__Exercise material__.
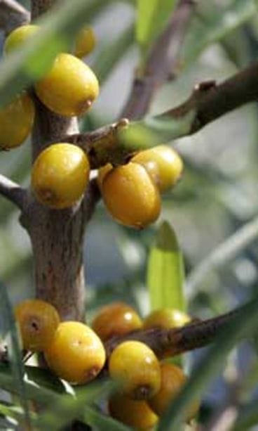 - Tyrnimarja sisältää myös runsaasti monityydyttämättömiä rasvahappoja sekä B12-vitamiinia. Lisäksi marjassa on superoksididismutaasi-nimistä entsyymiä, joka on yksi tehokkaimmista tunnetuista antioksidanteista.
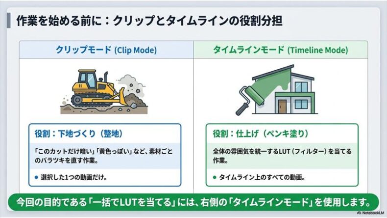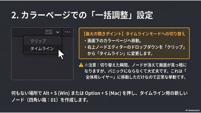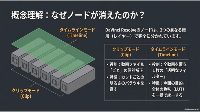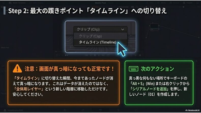 ⚠️ 警告:ノードが消えるのは正常です 「クリップ」から「タイムライン」に切り替えた瞬間、それまで見えていたノードが消えます。これは**「個別のクリップではなく、タイムライン全体に適用される上位レイヤーへ移動した」**ことを示す正常な挙動です。パニックにならず、次の手順へ進んでください。
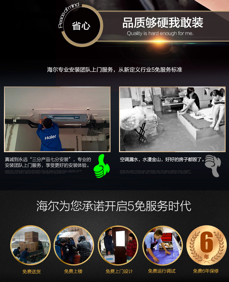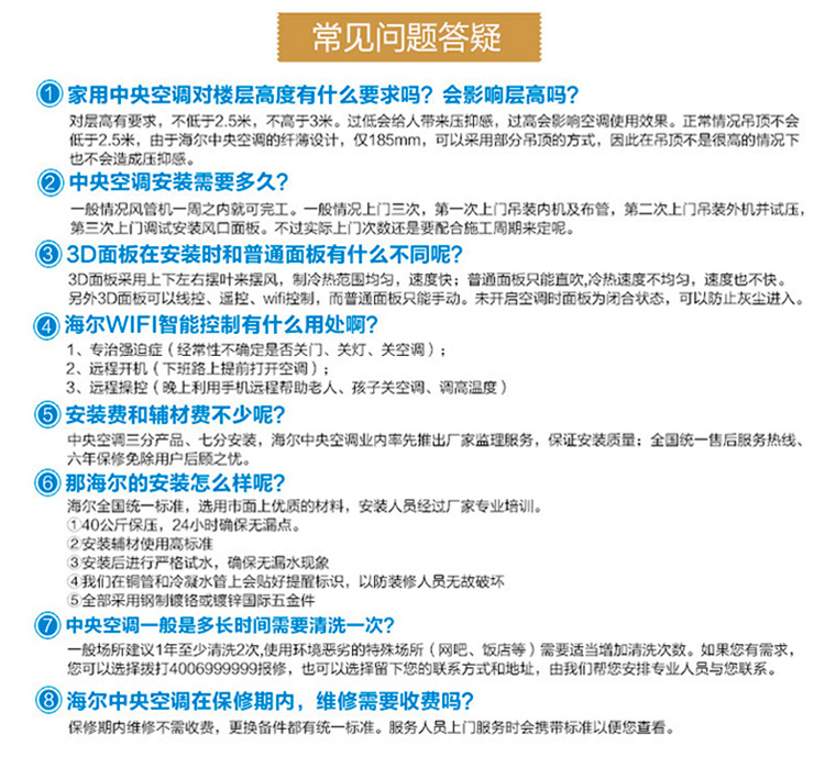 以上就是京樂企服為大家整理《家用中央空調 海爾(Haier)8匹 一拖六6年包修》的全部內容了,如果還有疑問請咨詢24小時在線客服小姐姐。
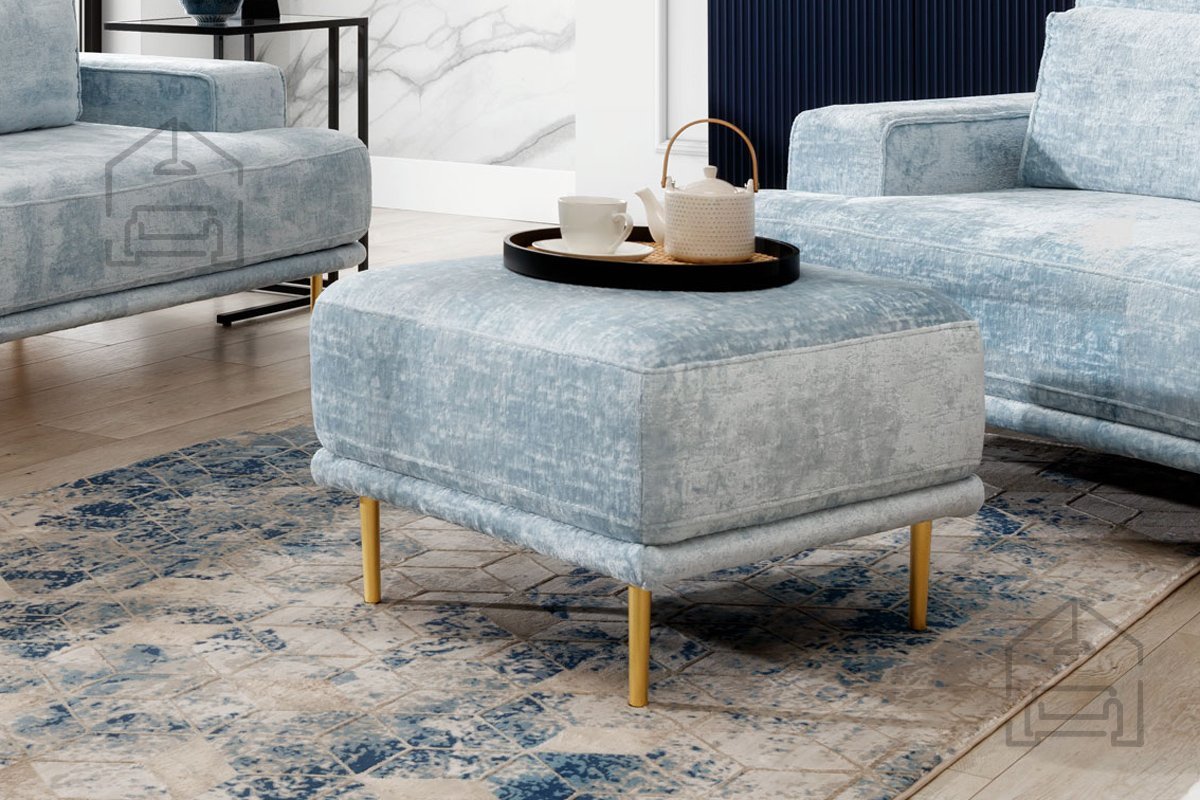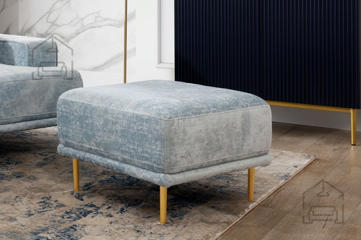Der Hocker Nicole ist aus hochwertigem Holz und Spanplatten gefertigt, was Stabilität und Langlebigkeit garantiert. Er ist mit dem Stoff Miu 2052 gepolstert, der nicht nur abriebfest ist, sondern auch einen Hauch von Raffinesse verleiht. Die Metallfüße, die in goldenen oder schwarzen Tönen erhältlich sind, tragen zu einem modernen Look bei und sorgen für Stabilität. Mit einer Höhe von 15 cm bieten sie zudem eine optimale Sitzhöhe.
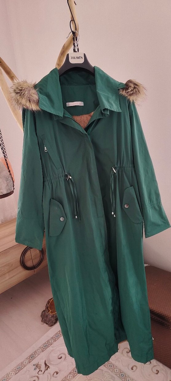 Merhabalar yeşil rekte notched lapel yakalı ve uzun kollu kadın parka. Rahat kesim ve sentetik kumaştan yapılmıştır. Benetton yeşili renginde mont, içi kürklü, 40 beden, hiçbir sorunu yoktur. Alana hayırlı olsun.

__Aim of the task__. Print the material above exactly, skipping its images.

__Solution to the exercise__.
 - Tyrnimarja sisältää myös runsaasti monityydyttämättömiä rasvahappoja sekä B12-vitamiinia. Lisäksi marjassa on superoksididismutaasi-nimistä entsyymiä, joka on yksi tehokkaimmista tunnetuista antioksidanteista.
 ⚠️ 警告:ノードが消えるのは正常です 「クリップ」から「タイムライン」に切り替えた瞬間、それまで見えていたノードが消えます。これは**「個別のクリップではなく、タイムライン全体に適用される上位レイヤーへ移動した」**ことを示す正常な挙動です。パニックにならず、次の手順へ進んでください。
 以上就是京樂企服為大家整理《家用中央空調 海爾(Haier)8匹 一拖六6年包修》的全部內容了,如果還有疑問請咨詢24小時在線客服小姐姐。
Der Hocker Nicole ist aus hochwertigem Holz und Spanplatten gefertigt, was Stabilität und Langlebigkeit garantiert. Er ist mit dem Stoff Miu 2052 gepolstert, der nicht nur abriebfest ist, sondern auch einen Hauch von Raffinesse verleiht. Die Metallfüße, die in goldenen oder schwarzen Tönen erhältlich sind, tragen zu einem modernen Look bei und sorgen für Stabilität. Mit einer Höhe von 15 cm bieten sie zudem eine optimale Sitzhöhe.
 Merhabalar yeşil rekte notched lapel yakalı ve uzun kollu kadın parka. Rahat kesim ve sentetik kumaştan yapılmıştır. Benetton yeşili renginde mont, içi kürklü, 40 beden, hiçbir sorunu yoktur. Alana hayırlı olsun.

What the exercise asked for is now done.